— Не скажи, — заметил Тит. — Графоманы с большим пиететом относятся к печатному слову. В таких случаях и наша сойдет.
— Тогда пусть сам привезет или пришлет с кем-нибудь.
— Съезди. Человек просит, — сказал Тит благодушно. — Не мне же ехать, я какой-никакой, а главный редактор, мне это совсем не к лицу.
Маша отправилась к Рериху с большим раздражением, но стоило ей увидеть его, увидеть его желтоватое, отекшее лицо, расширяющееся книзу наподобие груши, увидеть, что он болен, и может быть, очень болен, в квартиру она вошла — большую и современную, о которой он когда-то только мечтал, — совсем с другим чувством, ее неприязнь к нему сменилась симпатией и сочувствием, но и это надо было скрывать.
Рерих провел ее на кухню, где что-то готовил.
— Вообще я тебе скажу, вегетарианство — классная вещь! — сказал он ей со знакомой интонацией, обернувшись от плиты. — Плоды земли. Без агрессии. Солнечная энергия. Я тут добавил кое-что от себя... — И он принялся рассказывать ей свой собственный способ приготовления овощей — ошпаривание, обжаривание, дотушивание. — По минутам! По минутам! — говорил Рерих с увлечением. — Главная задача — сохранить витамины.

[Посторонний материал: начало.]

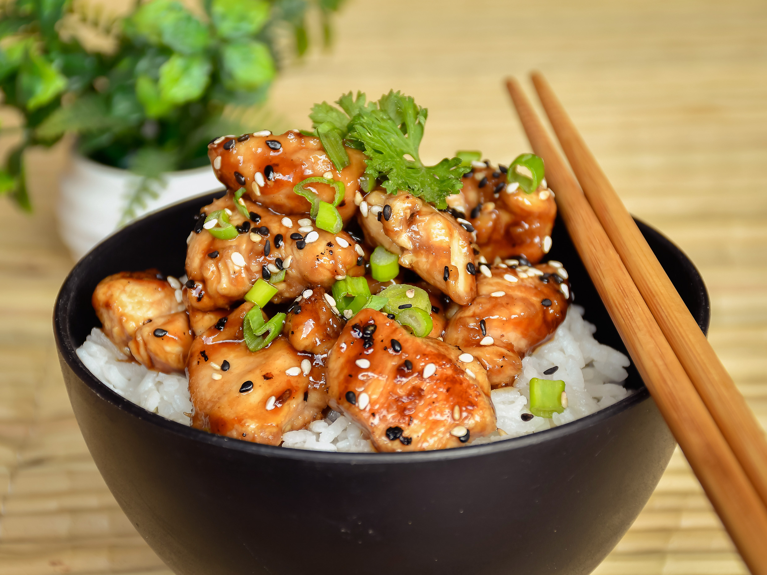 Trocitos de pollo tempura en salsa agridulce, cebollita asada, piña, zanahoria y ajonjolí, sobre una cama de arroz gohan.

Он горкой выложил ей на тарелку тушеные разноцветные овощи.
— Ешь! Чистый продукт!
Овощи были совершенно безвкусны. Рерих их ел с наслаждением.
Потом он провел ее по большой безлюдной квартире, и Маша восхищалась, как он удобно все устроил. Это было ему приятно. Одна из комнат была похожа на склад — вся забита стопками перевязанных книг.
— Это мой роман, — сказал Рерих. — На днях привезли. Еще прочтешь! — последнее он сказал даже с каким-то торжеством. — Моя песня у первобытного костра!
(Роман Рериха его последняя жена раздавала друзьям и знакомым, а все оставшееся, а оставшегося было много, свезла все тем же друзьям на дачу, сказав, что потом заберет. Но так и не забрала.)
Рерих передал ей материал для «Вечерней газеты» — несколько сложенных листков и сказал:
— А что, Машка? Все-таки и хорошее тоже было? Конечно, глупости, иллюзий хватало... Только без иллюзий... это не жизнь.
Тут как бы тень набежала на его лицо, и он резко захлопнул дверь.
Больше Маша Александрова его не видела.
Жизнь Рериха была по-своему героическая, если понимать под героизмом верность самому себе. Но не менее героической была жизнь тихого и непритязательного Мишани.
Мишаня любил жизнь. Свою собственную и в ее лице жизнь вообще.
Любил утром выпить кофе и выкурить первую сигарету, поболтать с зятем о том о сем. Любил, возвращаясь с нехитрой работы, пройтись пешком до дома, думая о том, что сейчас идет в хорошее для него место, к близким людям. Любил вечером глянуть в окно, на деревья и скромный городской пейзаж, и предположить, какая завтра будет погода. Волнения и страсти большой жизни, где шла борьба за власть, за место под солнцем, за деньги и обладание все лучшими вещами, его не очень-то волновали. Если не сказать, что не волновали вообще.
Он любил готовить, заниматься хозяйством, умел вязать, и бывало, даже вышивал. Боль, которую причинила ему Люда Попова, со временем притупилась, и он воспринимал ее теперь как нечто чужое, но неизбежное — как приходящую мать своей дочери. Как гостью.
Однажды Маша спросила, почему он не женится. Этот вопрос его возмутил. «Зачем? — сказал Мишаня. — У меня две любимые женщины (имея в виду дочь и внучку). Зачем мне третья?»
Он любил подолгу жить на даче, которую сам и строил — потихоньку, из года в год. Когда с внуками, когда один, погружаясь в природу, как в лоно матери. Май сменял июнь, июнь—июль, июль—август... Зацветали и отцветали все новые цветы и травы... Птицы выводили птенцов и все пели свои нескончаемые песни, трава и листья, до предела налившись зеленью, начинали желтеть, холодело небо, все ярче и обильнее проступали звезды.
Одиночество его не тяготило. Единственно грустные моменты бывали вечерами, когда он думал о том, что длинный летний день так быстро прошел, укоротив лето. Ему казалось, что у него что-то отнимают. Ведь Мишаня сливался с каждым днем, а потом его терял. Мишаня был этим миром, а этот мир был Мишаней.
И когда он заболел, он стал сражаться и за свою собственную жизнь, и как бы за жизнь вообще. Он прошел, что должно пройти в таких случаях — операцию и тяжелые лекарства, борясь за каждый день, как за каждый день своего мира. И чтобы дать ему этот день, дочь была готова на все и уже продавала тихонько какие-то свои вещи.